Exercise inputs below:

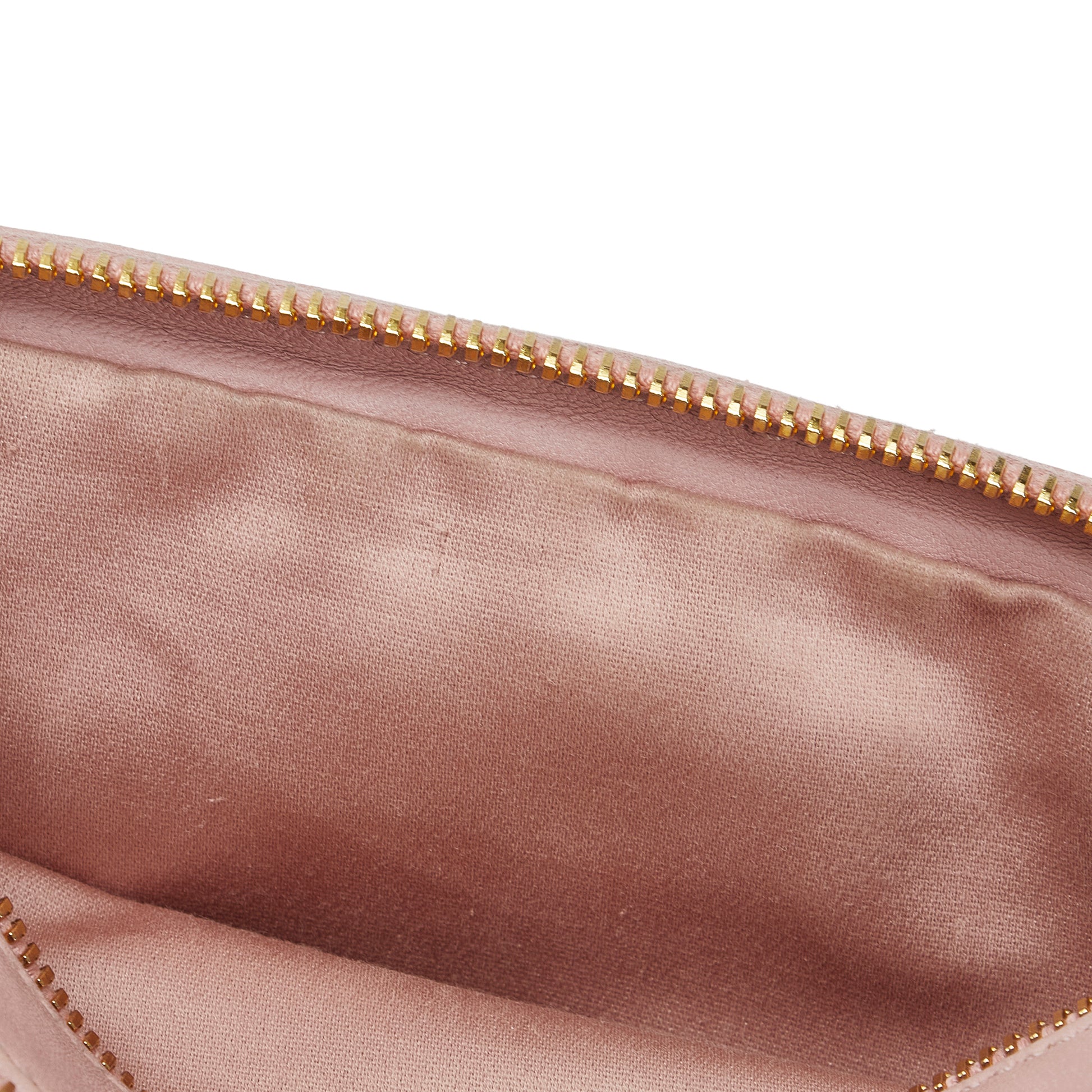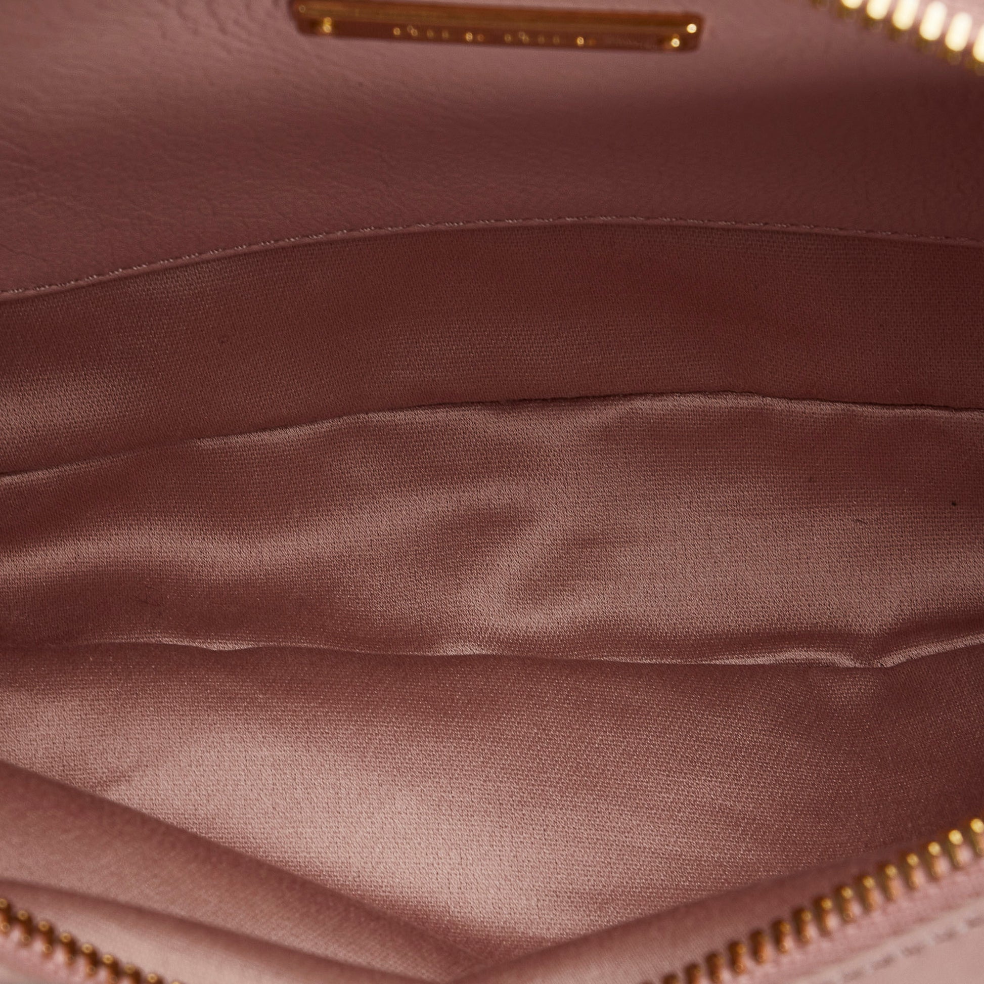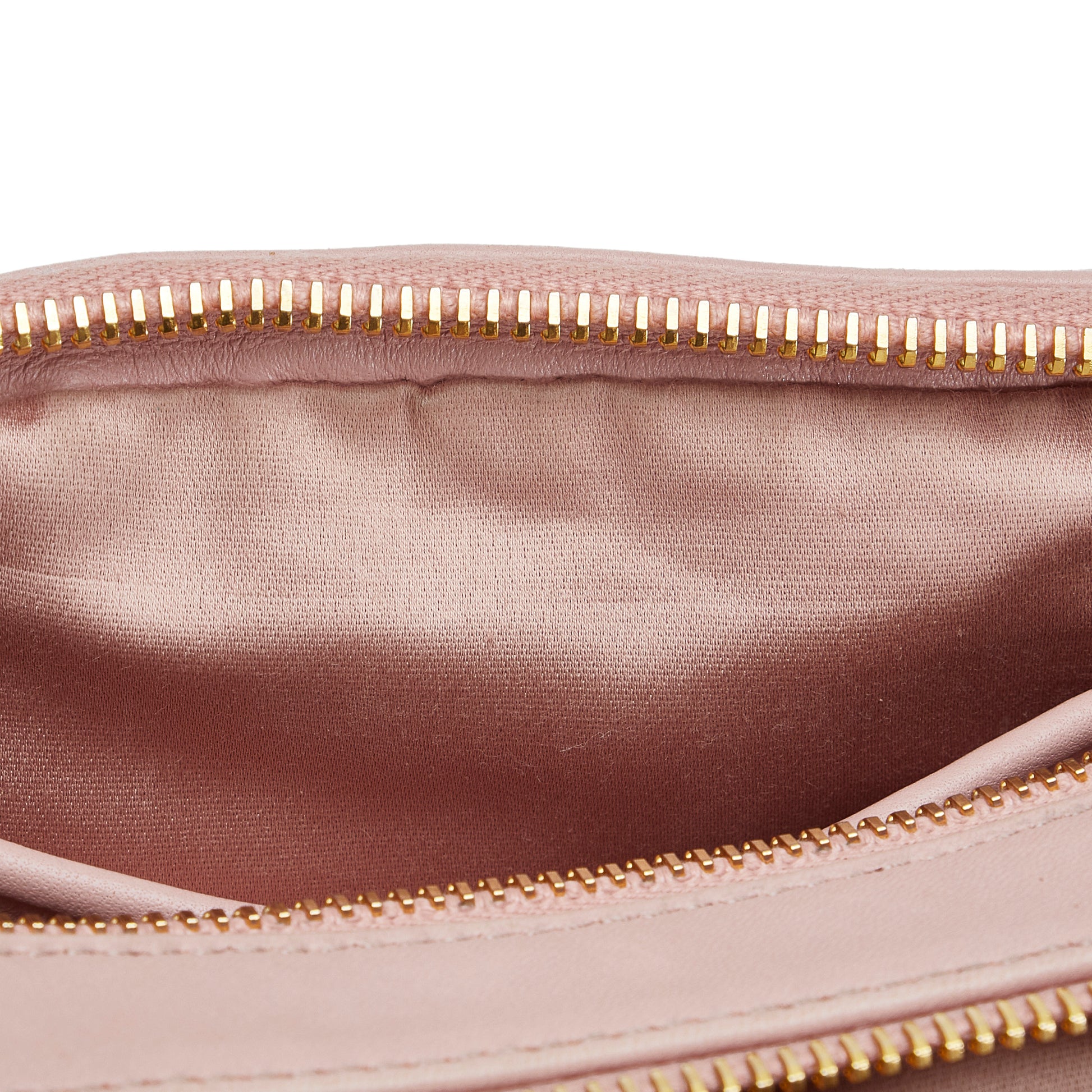 This crossbody bag features a quilted leather body, an adjustable flat strap, and a top zip closure.
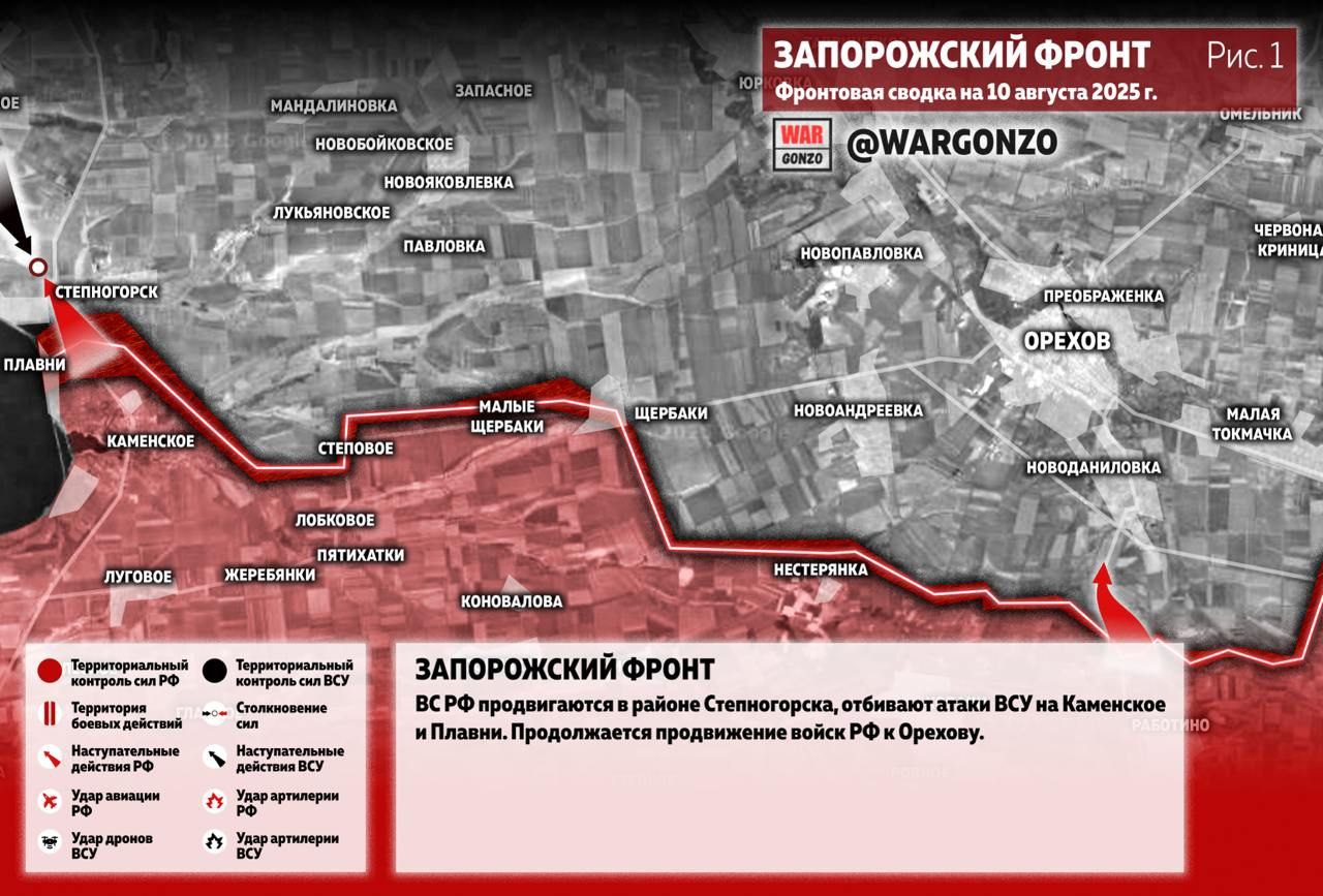 Фронтовая сводка 10.08.25: Продвижение ВС РФ под Ореховом и Степногорском, бои в Щербиновке и Волчанске. Успехи на Сумском направлении. (14 видео)
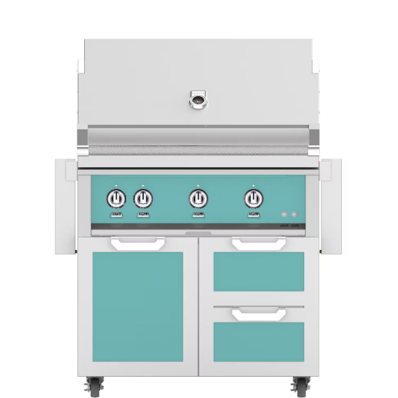 Hestan 36-Inch Natural Gas Grill W/ Sear Burner & Rotisserie On Double Drawer & Door Tower Cart – Bora Bora – GMBR36-NG-TQ
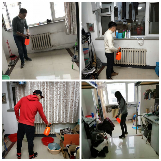 为确保消毒质量,91直播 研究生分会严格按照卫生部门要求采购药剂。在消毒过程中,研究生分会的同学对宿舍内的阳台、书桌以及走廊等公众场所进行系统消毒,并针对门窗、地面死角等容易忽略的地方进行着重清理,尽量减少细菌、病毒的存活和繁殖,为学生提供一个健康、卫生的宿舍环境。同时也提醒同学们要经常开窗通风,保持宿舍内空气流通,注意个人卫生,预防流感的发生。
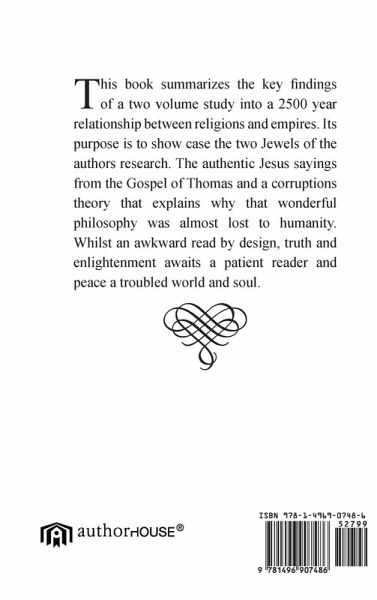 This book is a summary of the first Book. Its purpose is to show case the two Jewels of the authors research. The authentic Jesus sayings from the Gospel of Thomas and teh corruptions theory that explains why that wonderful philosophy was lost to humanity.
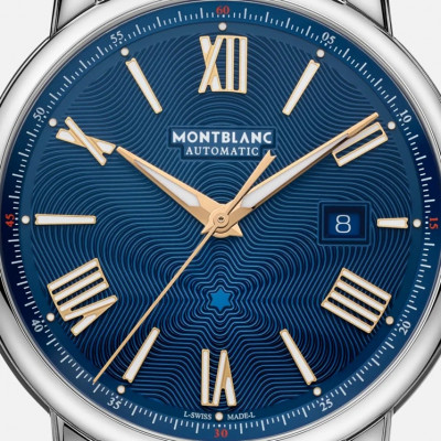 Il Montblanc Star Legacy Automatic Date in edizione limitata di 800 esemplari è impreziosito da un quadrante blu con l’iconico motivo a stella variabile Montblanc e con indici a forma di spada e numeri placcati oro rosa. È alimentato dal movimento automatico MB 24.17 che indica ore, minuti, secondi e data. In termini di design, il segnatempo si ispira agli orologi da tasca Minerva della fine del XIX secolo e inizio del XX con le loro casse rotonde, lucide e a forma di ciottolo e le corone a cipolla. Questo segnatempo è altresì dotato di un cinturino intercambiabile in pelle di vitello blu con stampa alligatore e impunture tono su tono.
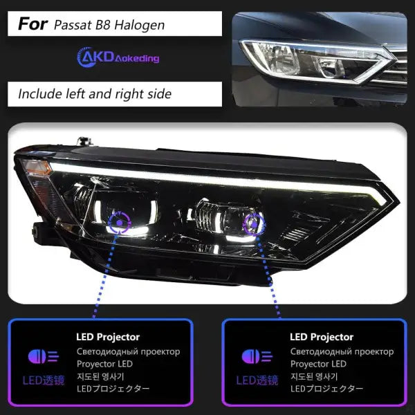 Car Styling Head lamp light for VW Passat B8 LED Headlight Projector Lens 2015-2019 Magotan Angel Eye Headlights DRL Automotive
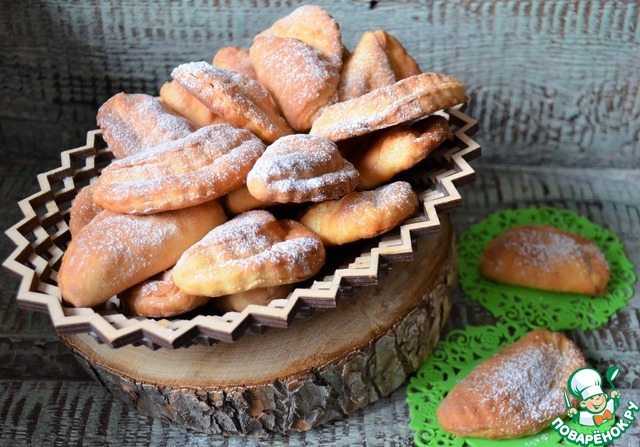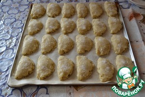 Сложить кружок пополам, слегка прижать, чтобы получилась форма сочника (отсюда и название печенья). Если место сгиба слегка полопается, то аккуратно защипните его.

End of Exercise inputs.

All of the entries above should be copied exactly, with the images left out.

 This crossbody bag features a quilted leather body, an adjustable flat strap, and a top zip closure.
 Фронтовая сводка 10.08.25: Продвижение ВС РФ под Ореховом и Степногорском, бои в Щербиновке и Волчанске. Успехи на Сумском направлении. (14 видео)
 Hestan 36-Inch Natural Gas Grill W/ Sear Burner & Rotisserie On Double Drawer & Door Tower Cart – Bora Bora – GMBR36-NG-TQ
 为确保消毒质量,91直播 研究生分会严格按照卫生部门要求采购药剂。在消毒过程中,研究生分会的同学对宿舍内的阳台、书桌以及走廊等公众场所进行系统消毒,并针对门窗、地面死角等容易忽略的地方进行着重清理,尽量减少细菌、病毒的存活和繁殖,为学生提供一个健康、卫生的宿舍环境。同时也提醒同学们要经常开窗通风,保持宿舍内空气流通,注意个人卫生,预防流感的发生。
 This book is a summary of the first Book. Its purpose is to show case the two Jewels of the authors research. The authentic Jesus sayings from the Gospel of Thomas and teh corruptions theory that explains why that wonderful philosophy was lost to humanity.
 Il Montblanc Star Legacy Automatic Date in edizione limitata di 800 esemplari è impreziosito da un quadrante blu con l’iconico motivo a stella variabile Montblanc e con indici a forma di spada e numeri placcati oro rosa. È alimentato dal movimento automatico MB 24.17 che indica ore, minuti, secondi e data. In termini di design, il segnatempo si ispira agli orologi da tasca Minerva della fine del XIX secolo e inizio del XX con le loro casse rotonde, lucide e a forma di ciottolo e le corone a cipolla. Questo segnatempo è altresì dotato di un cinturino intercambiabile in pelle di vitello blu con stampa alligatore e impunture tono su tono.
 Car Styling Head lamp light for VW Passat B8 LED Headlight Projector Lens 2015-2019 Magotan Angel Eye Headlights DRL Automotive
 Сложить кружок пополам, слегка прижать, чтобы получилась форма сочника (отсюда и название печенья). Если место сгиба слегка полопается, то аккуратно защипните его.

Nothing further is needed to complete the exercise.